Continuing the example from the previous section, you can use an execution mask to cause the clear to only be executed when rendering the first left eye; and the clear pass will not be performed when rendering the right eye.

As another example, you could use two render_pass to perform Anaglyph 3D, i.e. red tint on the left eye, cyan tint on the right eye. You would set the viewport modifier mask to 0 so that it's not be affected by the workspace's offset and scale; but set the execution masks so that the red tint pass only gets executed for the left eye's workspace, and the cyan pass only gets executed for the right eye's workspace.

Default values

By default execution and viewport masks default to 0xFF except for Clear passes where the defaults are:

//Override so that it only gets executed on the first execution on the
//whole screen (i.e. clear the whole viewport during the left eye pass)
mExecutionMask = 0x01;
mViewportModifierMask = 0x00;

This assumes that your first workspace (i.e. the left eye / first player in split screen) sets the execution mask to 1; and the other workspaces have the first bit unset for that mask.

Using the defaults, the following example splits the screen in 4 for multiplayer (i.e. Mario Kart™ games and similar) or also useful for editing in 4-POV modelling application; and the clear passes will apply to the whole screen with the first workspace:

for( int i=0; i<4; ++i )
{
Vector4 vpModifier( (i % 2) * 0.5f, (i >> 1) * 0.5f, 0.25f, 0.25f );
m_workspace[i] = mgr->addWorkspace( sceneManager, renderTarget,
playerCam[i], "MainWorkspace", true,
-1, vpModifier,
(1 << i), (1 << i) );
}

Advanced MSAA

What is MSAA?

MSAA (Multisample Antialiasing) is a very common antialiasing technique.

It is quite common to treat MSAA like black magic: it works automatically and makes those staircase effect aka jagged edges aka aliasing disappear.

However there are times where we need to understand how it works, what's going on and how to control it explicitly via Ogre.

Supersampling Antialiasing (SSAA) vs MSAA

It is best to explain what MSAA is by first explaining Supersampling Antialiasing (SSAA).

If we have to render 1920x1080 4xSSAA, then we would just render at 3840x2160 and downscale back to 1920x1080 (either with a basic bilinear filter or something more advanced e.g. bicubic, gaussian, etc).
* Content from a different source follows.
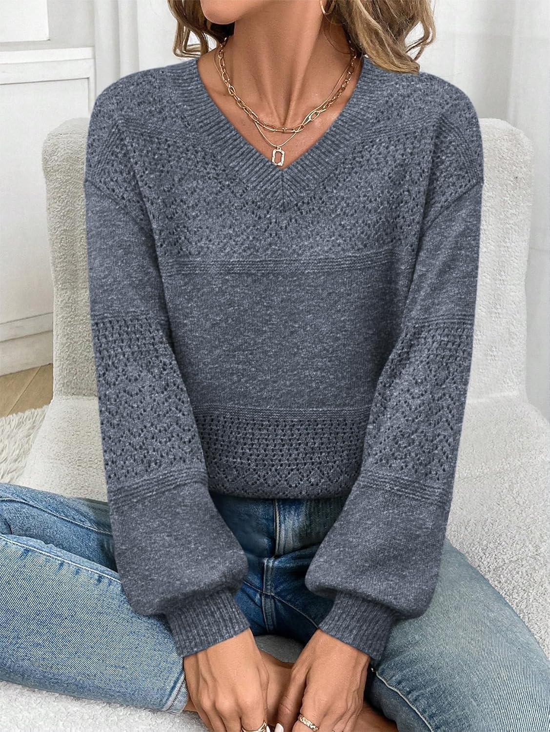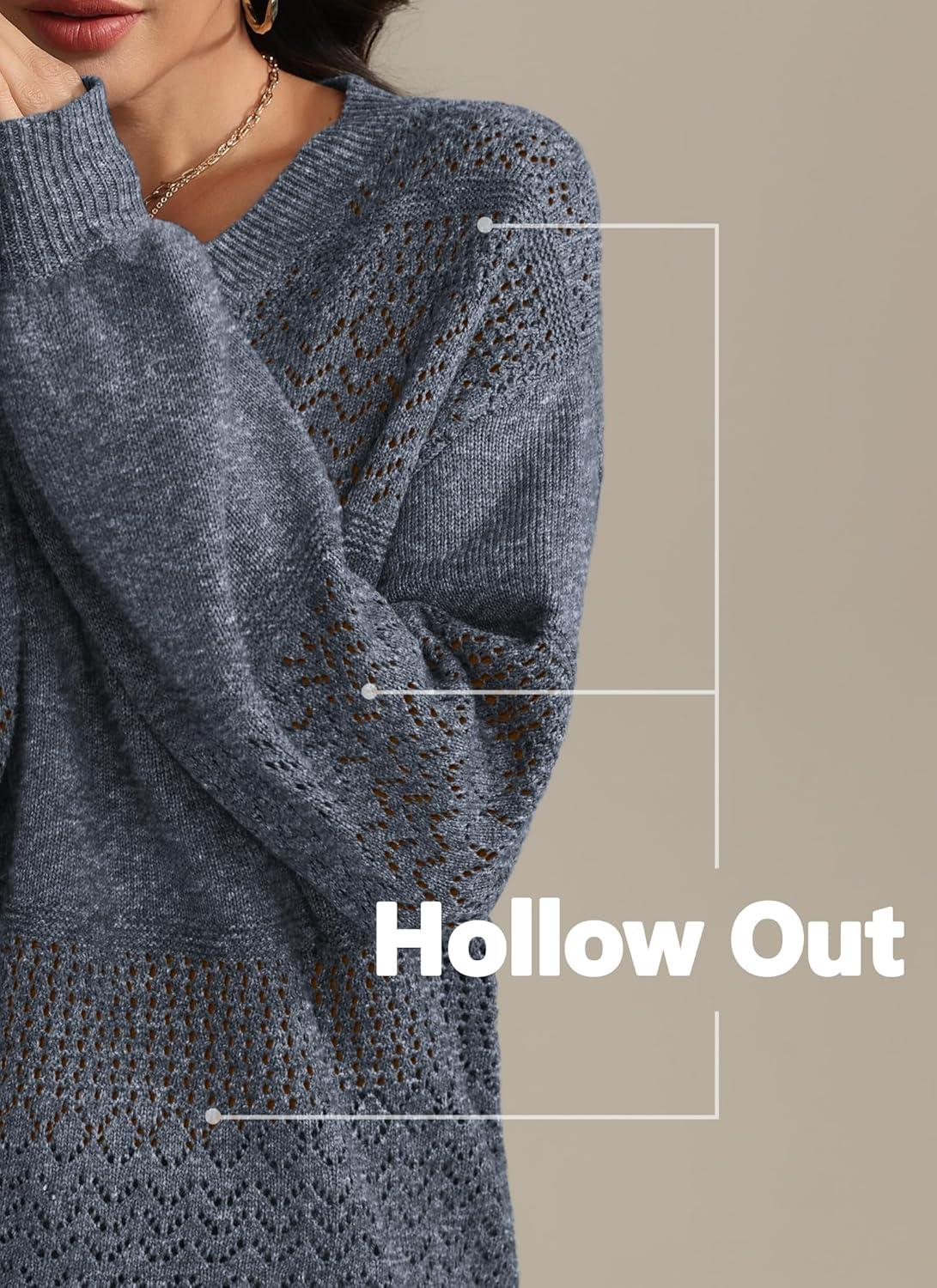ATHMILE Sweaters for Women Fall Outfits Oversized Long Sleeve V Neck Crochet Sweaters Lightweight Knit Pullover Jumper(Blue)

Huh? What's next, you ask? That's it!

Note
1920x2 = 3840 and 1080x2 = 2160, twice the width and twice the height is 4x the area. Hence 4xSSAA.

Thus SSAA is not a complex algorithm: it's just rendering at higher resolution and then scaling down to blur each of the 4 pixels into 1, producing soft edges.

This operation of scaling down is known as Resolve

The problem with SSAA: it consumes a lot of bandwidth and processing power. 4x of everything to be exact (for 4xSSAA).

That's where MSAA comes in. MSAA in is basic form looks like SSAA: the GPU needs to allocate a 3840x2160 colour target and a 3840x2160 depth buffer. Thus it stll consumes 4x more memory.

MSAA approach to the problem

MSAA exploits a simple fact: only the triangle borders need antialiasing.

Thus for all pixels except the ones touching the border of a triangle, the GPU will only run the pixel shader once and broadcast the colour to all 4 pixels just as if it were rendering at 1920x1080. This saves 4x of colour bandwidth and 4x processing power, making it very efficient.

Note
Internally the GPU may have a hidden 2-bit mask. Thus if a triangle covers all 4 subpixels, it runs the pixel shader once and and sets the mask to 0x3 to indicate all 4 subpixels share the same value.
The specifics of how these hidden bit masks work depend on vendor and GPU model and are implementation details.

The depth however is still populated at 3840x2160.

Ideally it is only at the polygon edges that the pixel shader may run up to 4 times.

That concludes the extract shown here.